**PROBLEM:**
What you return should be only the lines in the entries below between the one holding "证券之星消息,截至2026年" and the one holding "Транслируйте на The", ends included, with every picture left out.

——

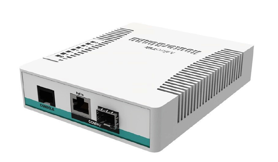 Cloud Router Switch 106-1C-5S je desktop provedení malého switche vybaveného jedním Gigabit Ethernet / SFP combo portem a pěti 1.25Gbps SFP vstupy. Switch osazen 400MHz procesorem a 128MB RAM, obsahuje předinstalovanou RouterOS L5 licenci, napájení 11-30V power. Řešení pro připojení až šesti zařízení s SFP rozhraním.
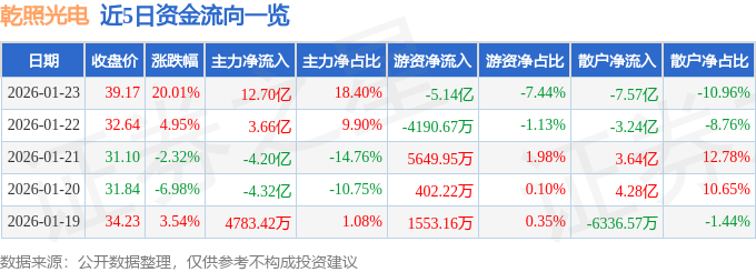 证券之星消息,截至2026年1月23日收盘,乾照光电(300102)报收于39.17元,上涨20.01%,涨停,换手率20.59%,成交量188.68万手,成交额69.06亿元。
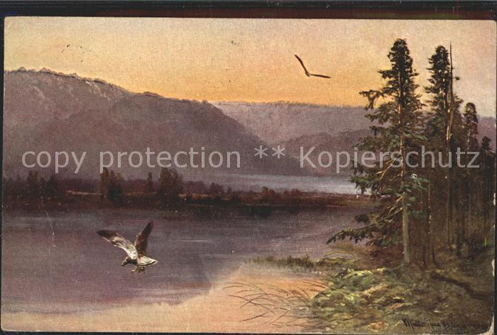 alte Postkarte Adler Eagle Aigle Aguila Berglandschaft Baeume Natur postalisch gelaufen Erhaltung siehe scans
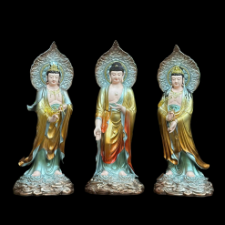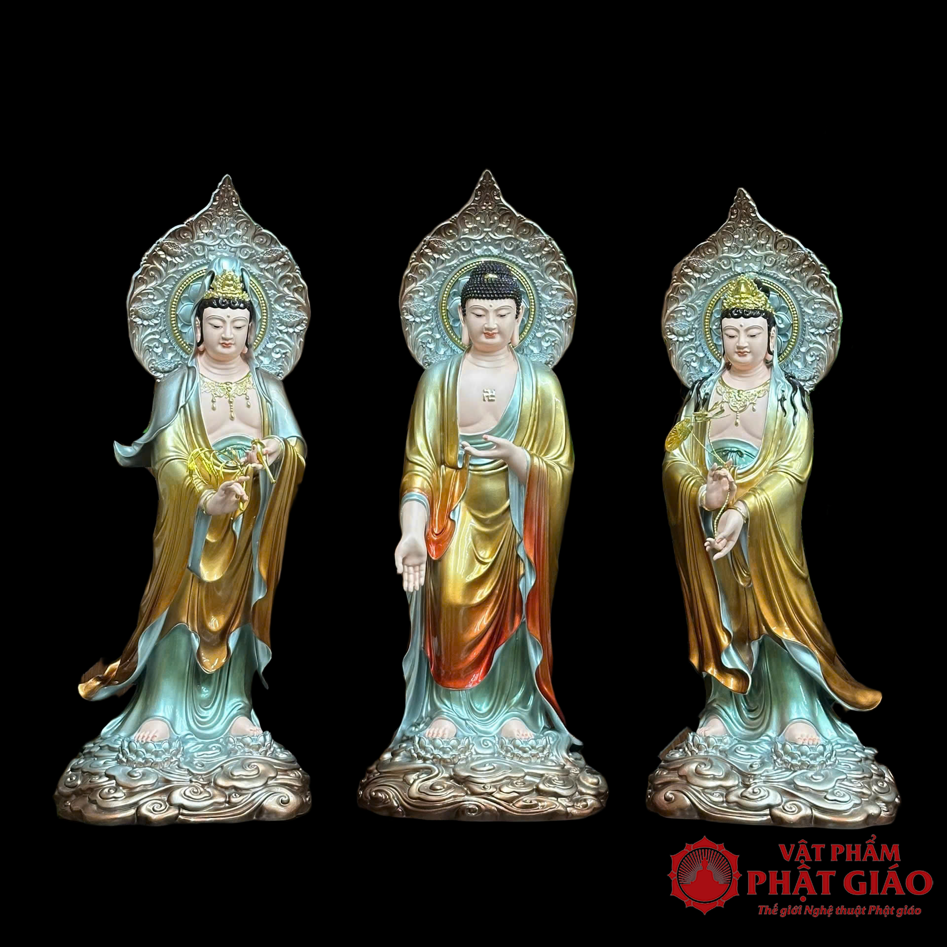 Bộ tượng Tây Phương Tam Thánh gồm: Đức Phật A Di Đà đứng giữa, hai bên là Bồ Tát Quán Thế Âm và Đại Thế Chí, tạo thành biểu tượng cao quý của pháp môn Tịnh độ – tiếp dẫn chúng sinh vãng sinh Cực Lạc.
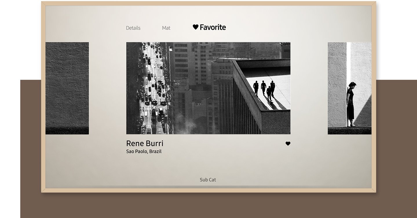 Транслируйте на The Frame любимые элементы искусства, создав личную коллекцию шедевров. Отметьте выбранные картины или фотографии и поместите их в отдельную подборку на телевизоре*.
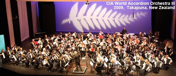 The members of the CIA“World Accordion Orchestra VI” will again include musicians from many different countries – including the President Raymond Bodell (Concert Master) and many officers of the Confédération Internationale des Accordéonistes (CIA) and delegates attending the 128th CIA Congress.

——

**RESPONSE FOR THIS EXERCISE:**
 证券之星消息,截至2026年1月23日收盘,乾照光电(300102)报收于39.17元,上涨20.01%,涨停,换手率20.59%,成交量188.68万手,成交额69.06亿元。
 alte Postkarte Adler Eagle Aigle Aguila Berglandschaft Baeume Natur postalisch gelaufen Erhaltung siehe scans
 Bộ tượng Tây Phương Tam Thánh gồm: Đức Phật A Di Đà đứng giữa, hai bên là Bồ Tát Quán Thế Âm và Đại Thế Chí, tạo thành biểu tượng cao quý của pháp môn Tịnh độ – tiếp dẫn chúng sinh vãng sinh Cực Lạc.
 Транслируйте на The Frame любимые элементы искусства, создав личную коллекцию шедевров. Отметьте выбранные картины или фотографии и поместите их в отдельную подборку на телевизоре*.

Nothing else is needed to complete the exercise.